VL serves as a precursor symptom of pelvic floor dysfunction, but in the initial phases of the condition, especially in patients with mild VL, there are often no obvious clinical signs. This presents a significant challenge for clinical doctors in terms of diagnosis and treatment. Even for experienced clinical doctors, accurately diagnosing mild VL is quite difficult. In addition, duo to the lack of significant impact on persons’ daily lives, the clinical consultation rate at this stage is extremely low. The combined effects of the aforementioned reasons make it difficult to intervene in VL in the early stages in a timely manner. Moreover, it is challenging to effectively differentiate between moderate VL and severe VL. Moderate VL can be treated with either surgery or rehabilitation therapy, while severe VL typically requires surgery. Due to the challenges in effective differentiation, doctors often lean towards recommending surgery in clinical practice. This not only exacerbates the physical discomfort of persons with VL but also increases their psychological stress, reduces compliance, and impacts treatment outcomes. Therefore, it is crucial to find a prediction model that can accurately distinguish between healthy, mild VL, as well as moderate VL and severe VL. Such a model can assist doctors in diagnosing persons’ conditions more accurately, devising personalized treatment plans, avoiding unnecessary surgeries, reducing persons’ psychological stress, improving patient compliance and treatment outcomes, thus enhancing overall treatment results.
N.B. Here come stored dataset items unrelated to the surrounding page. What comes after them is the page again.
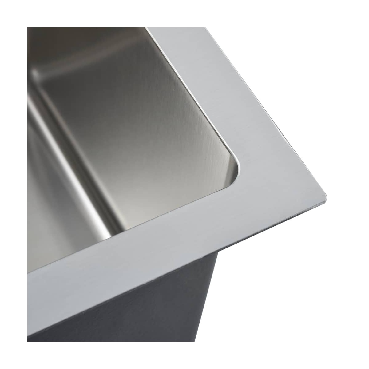 Disfruta de este fregadero de lujo con un diseño moderno y pulcro. ¡El seno con un sedoso y liso acabado satinado rezuma clase y sofisticación, ¡y se adaptará a cualquier tipo de decoración de cocina! Combinando lo mejor en función y diseño, este fregadero está hecho de acero inoxidable hecho a mano de alta calidad con pintura anticondensación, a prueba de moho, sin plomo y resistente a la corrosión. Está insonorizado con las almohadillas de reducción de sonido. Además, el recipiente con un diseño exclusivo de canal en X facilita el flujo rápido, evitando que se acumule agua en el fondo del recipiente. El fregadero puede colocarse bajo la encimera, al ras de la encimera y empotrado, para que lo pongas como tú prefieras.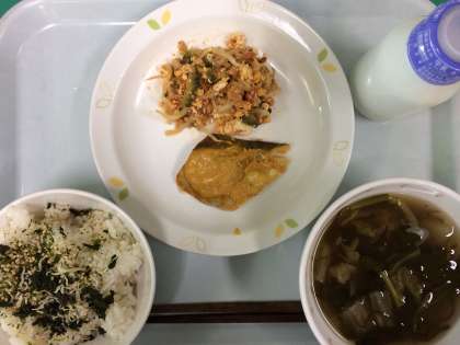 夏に美味しくなる野菜といえば、胡瓜、トマト、茄子などなど。しかし、苦いという理由から子どもたちの口に運ばれる機会が少ない野菜がいる。それはゴーヤです。ランチルームで話しているとどうやらゴーヤを食べたくないと口にする子どもが多いように感じたので、7月の献立に取り入れてみました。ただし、そのまま出しては芸がありません。美味しく食べてくれるために、塩で最初にもんだ後45分水でさらし、もう一度塩でもんでみました。そして、子どもが好きな調味料を考えて、ケチャップを選択。醤油と塩で味を調えてなるべくゴーヤが苦手な子どもも食べられるように工夫しました。ランチルームでは「ゴーヤ苦手だけど、このゴーヤは食べられた!」と嬉しい反応をしてくれるお友だちもいて、チャレンジした甲斐があったなと心の中で万歳!残り給食もわずかですが、力を緩めることなく取り組んで行きたいと思います!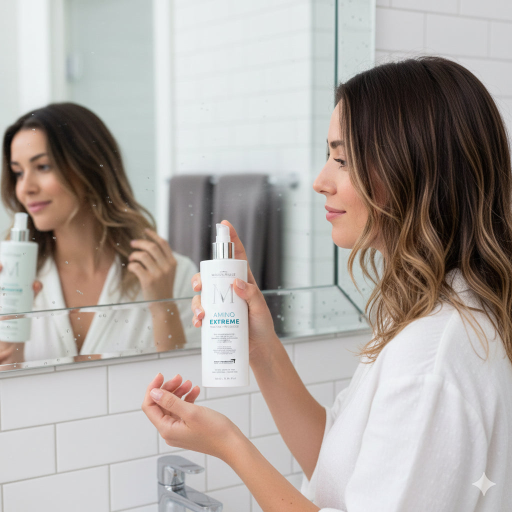 Amino Extreme is an advanced thermal protector designed to be applied before blow-drying, flat ironing, or curling, creating an intelligent barrier against high temperatures. Its formula is enriched with amino acids and precious oils that form a protective film around the hair strands, reducing frizz and preventing damage caused by heat styling tools. In other words, it not only protects the hair from dryers and straighteners but also treats it while protecting: the amino acids penetrate the hair fiber, strengthening its internal structure, while the special oils nourish and seal the cuticles.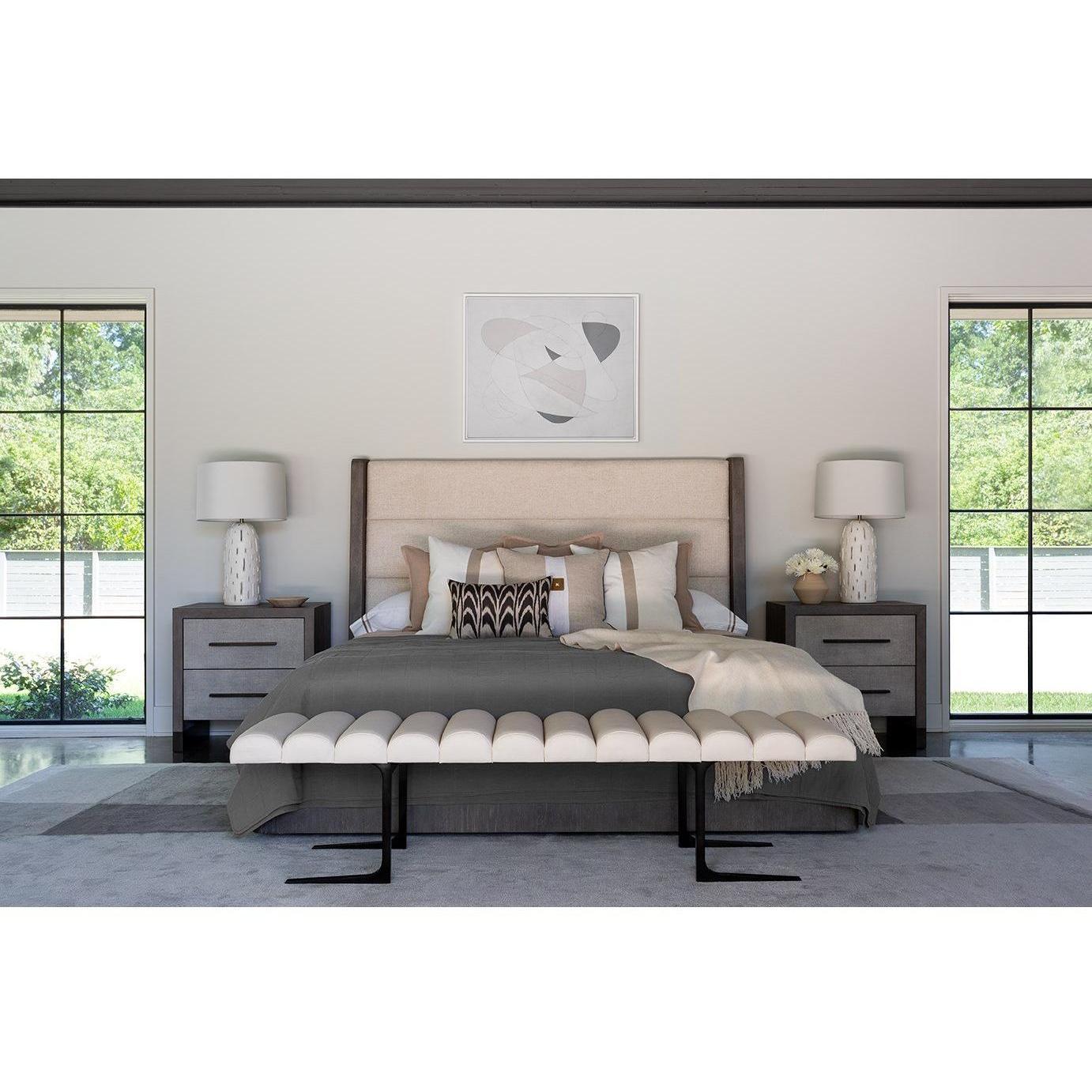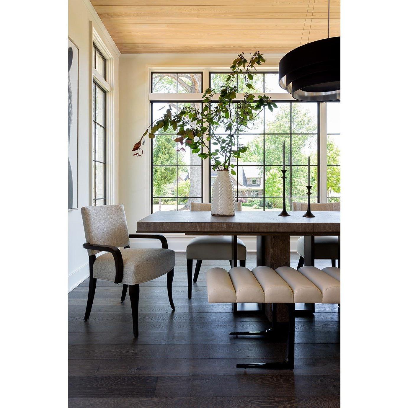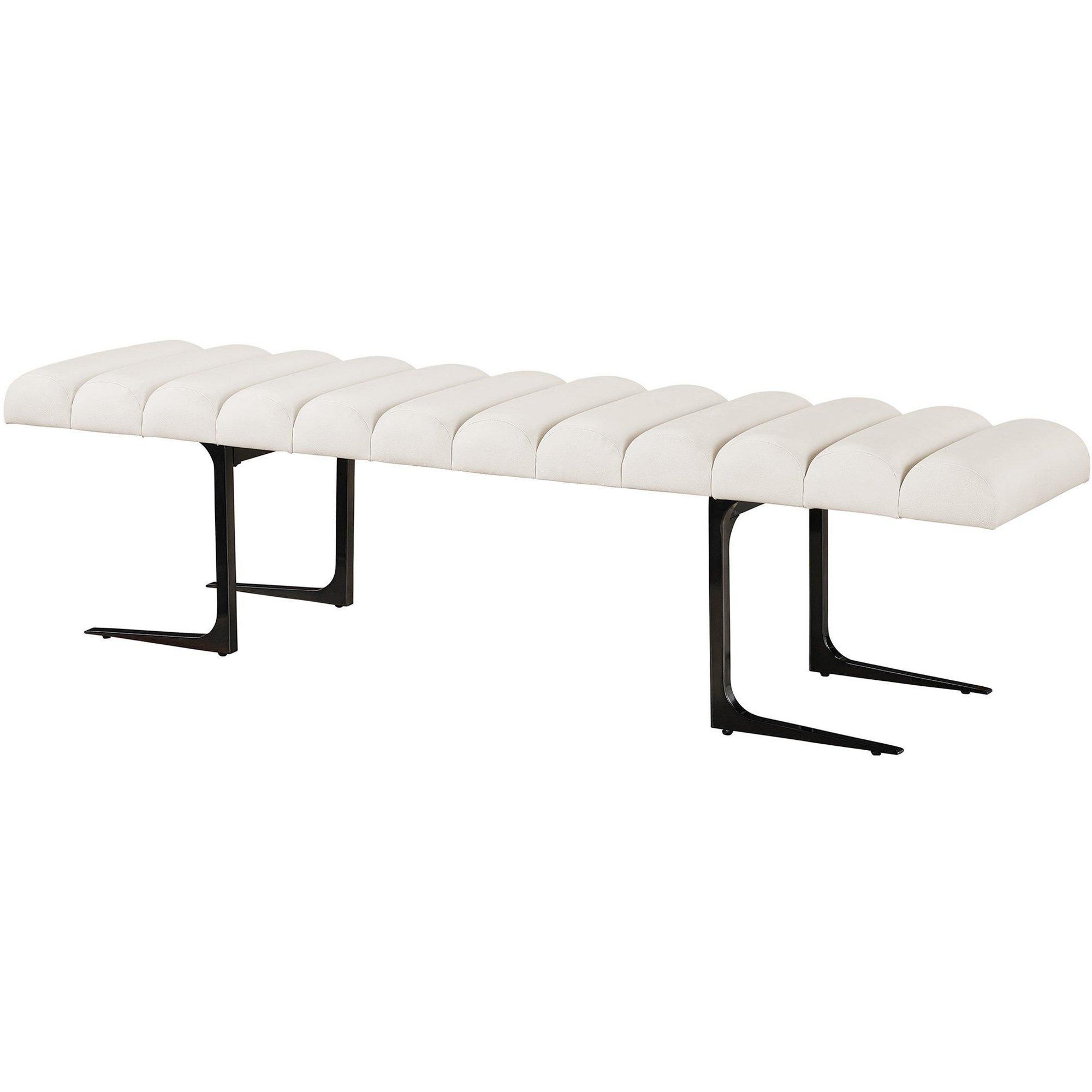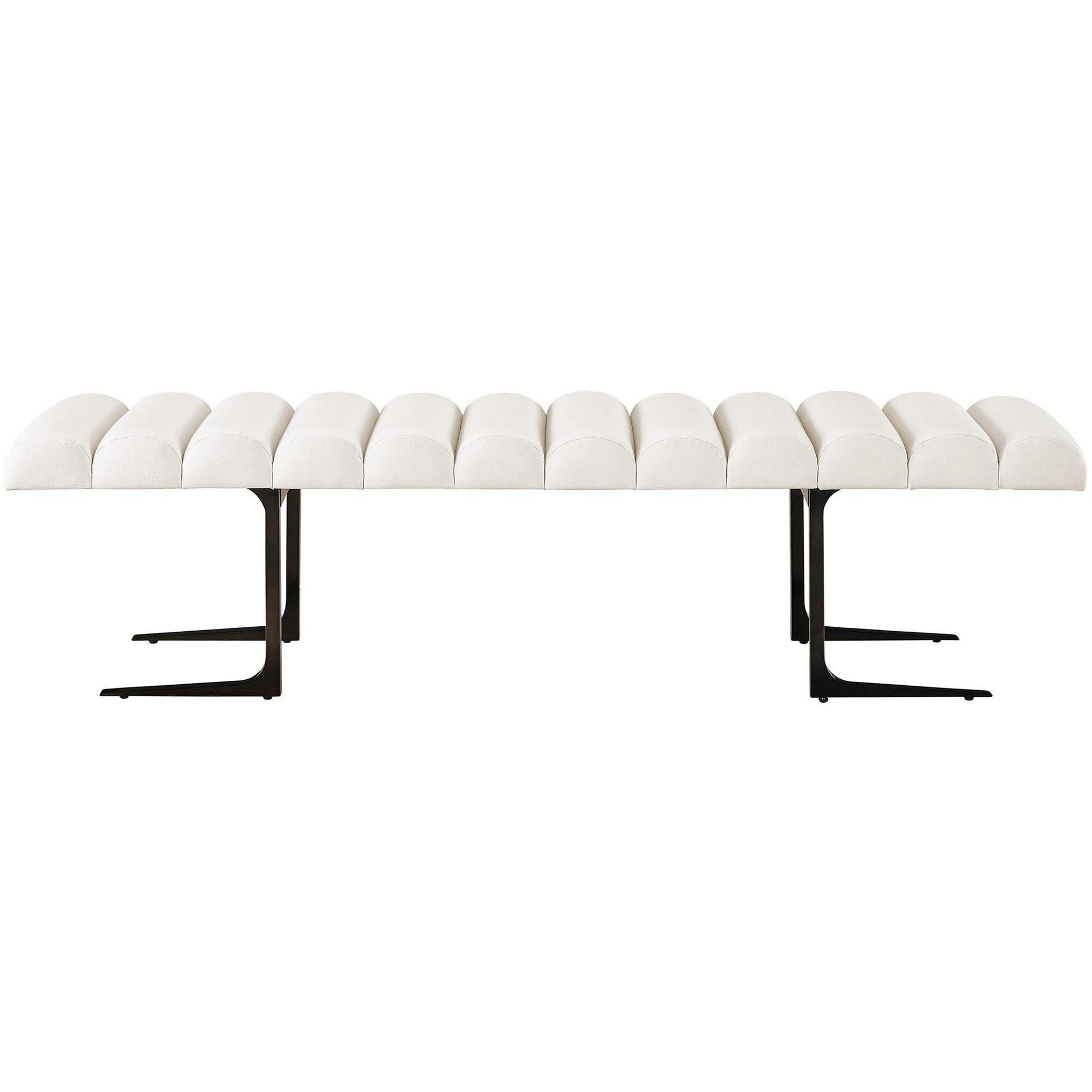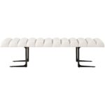 The plush, scalloped-topped bench is upholstered with Inside Out Performance Fabric, accented with a chic black nickel base combines modern style with long-lasting performance attributes.

Presently, machine learning is extensively utilized to aid in the diagnosis and treatment of a range of clinical diseases12,19,20,21,22,23, demonstrating extremely outstanding predictive performance.
LightGBM, Random Forest, XGBoost, and AdaBoost are four machine learning algorithms widely used in the field of disease diagnosis and prediction24. LightGBM is an efficient gradient boosting model that utilizes histogram algorithms to enhance training speed, rendering it particularly suitable for processing large-scale datasets25. Random Forest increases model stability and accuracy by constructing multiple decision trees and aggregating their outputs, while demonstrating remarkable resistance to overfitting26. XGBoost also belongs to the gradient boosting family and enhances training efficiency through the application of regularization and parallel computing techniques, contributing to its exceptional performance in numerous machine learning competitions27. In contrast, AdaBoost constructs a robust classifier by integrating the strengths of multiple weak classifiers, thereby significantly improving classification performance, although it is more sensitive to noise and outliers28. The primary differences among these four algorithms reside in their model construction methods, data processing strategies, and robustness to various data types and noise. Integrating these algorithms within specific application contexts can effectively aid researchers and engineers in selecting the most appropriate predictive models, thereby improving the accuracy of disease diagnosis and prediction.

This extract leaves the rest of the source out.